Willie is too big to get right up on a lap, although he does try. What he likes to do is lean against people... I mean really LEAN. He's not too particular about who it is, either. He LOVES people in general. It must work for him, because they love him right back! It's pretty cute.


----------



## JillandDan (Sep 8, 2010)

Holley will climb up and go cheek to cheek with us when she wants attention. It is adorable. She gets a big smile while she is doing it.


----------



## Mercutio (Jan 18, 2010)

Merc also likes to lean, sometimes I think he would fall over if the person he was leaning on were to move.

In the car he is on a seatbelt harness but can sit with his head poking between the front seats. He especially likes to sit with his head pressed hard onto the shoulder of the person in the passenger seat (we have managed to maintain a policy of the driver totally ignoring him so he doesn't bother the driver).

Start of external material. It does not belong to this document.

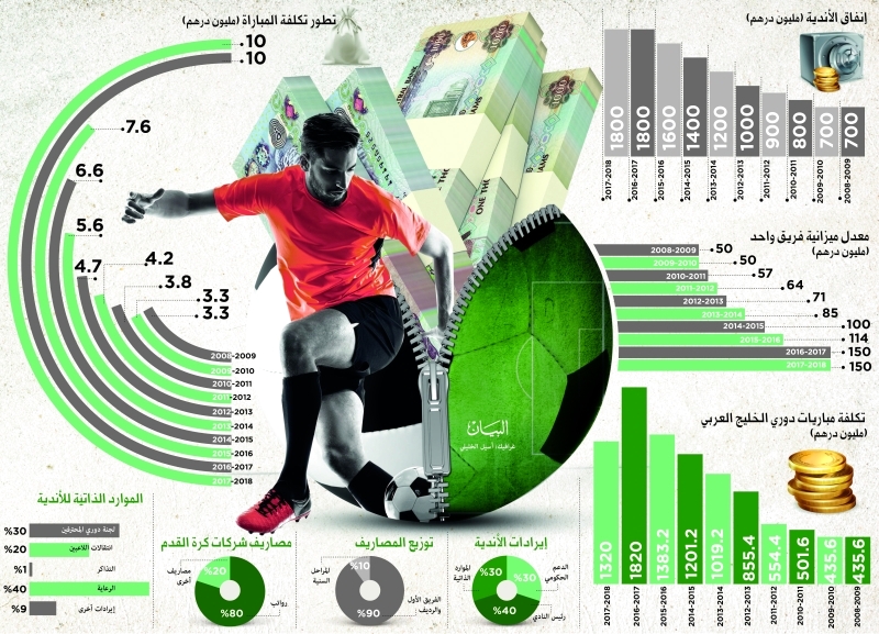 تعيش كرة الإمارات موسمها العاشر في زمن الاحتراف، لكن النتائج المرجوة دون التطلعات في ظل الفجوة بين الإنفاق والإيرادات التي زادت وازدادت عمقاً وخلّفت وراءها عللاً كثيرة تحتاج إلى علاج، حتى لا تتفاقم الخسائر التي ستفوق بنهاية الموسم الحالي أكثر من 12 مليار درهم، لا سيما بعد أن غرقت الأندية في الديون، ودخلت دوامة الاقتراض من البنـوك، وواصلت أسهم التكلفة صعودها نحو أرقام قياسية، لتحتل الإمارات المركز الثاني آسيوياً في حجم الإنفاق خلف الصين متقدمة على السعودية ودول خليجية وعربية أخرى.

I don't know why, he does it more on the way home when he is tired. I guess he just likes the affection.


----------



## Bellababy (Mar 31, 2010)

Bella does this, she leans on us and she often presses the side of her face against mine, I think she does this with me because she knows I don't like to be licked! Her favourite thing to do is to lick ears and my kids just let her, I don't! They are extremely affectionate dogs, to the point of being in your face (literally) about it.


----------



## SandraDee (Oct 19, 2010)

Scout is s full fledged lap dog, and he does the face press thing. The dogs are fools (or I guess moreso their owners for letting them get away with it )


----------



## datacan (May 15, 2011)

Sam (4 months old) hugs and licks my ear only after a minimum 30 minute walk/run. 20 minutes is not enough, he'll try and avoid hugging


----------



## Crazy Kian (Aug 10, 2009)

Kian will get up on my lap if I am ignoring him for too long. He then will rest his head against mine. He also likes to lean on us when we are standing around. He doesn't do it often though.


----------